Откуда у самого Фалолеева появилось и набрало столь несокрушимую силу убеждение, что только Рита способна составить ему в этой подлой жизни счастье?.. Только раз признался он себе в действительном раскладе: жуткое новое положение после разборок Кента — материальное и физическое, — разом обратило его в изгоя, персону, нежелательную для дружбы, общения и соседства. Женщинам он представал теперь адским пугалом, от вида которого у них панически разбухали зрачки, для мужчин он стал воплощением самой махровой неудачи, какая только способна оседлать человека и каковую вошло в моду почитать за проказу, опасную инфекцию, — это вместо принятого прежде сострадания!

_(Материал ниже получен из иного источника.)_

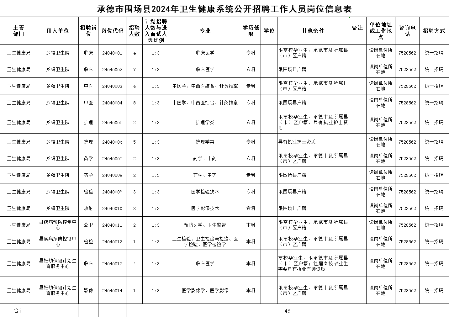 本次面向社会公开招聘卫生健康系统工作人员48人。具体招聘岗位、人数、条件等详情见附件《承德市围场县2024年卫生健康系统公开招聘工作人员岗位信息表》。

Его откровенно избегали, шарахались, расчётливо вытесняли из круга общения и уж тем более не вели речь о знакомствах. Страшное по своей природе одиночество (среди людей, но один-одинёшенек), которое за пяток лет, без сомнения, одолело бы и самого Робинзона Крузо, для Фалолеева явилось пыткой невообразимой. Он не спал ночами, бесконечно крутил в голове вспоминания о прошлых днях своих разухабистых, бесшабашных, доверху залитых достатком внимания и свершившимися усладами собственных прихотей.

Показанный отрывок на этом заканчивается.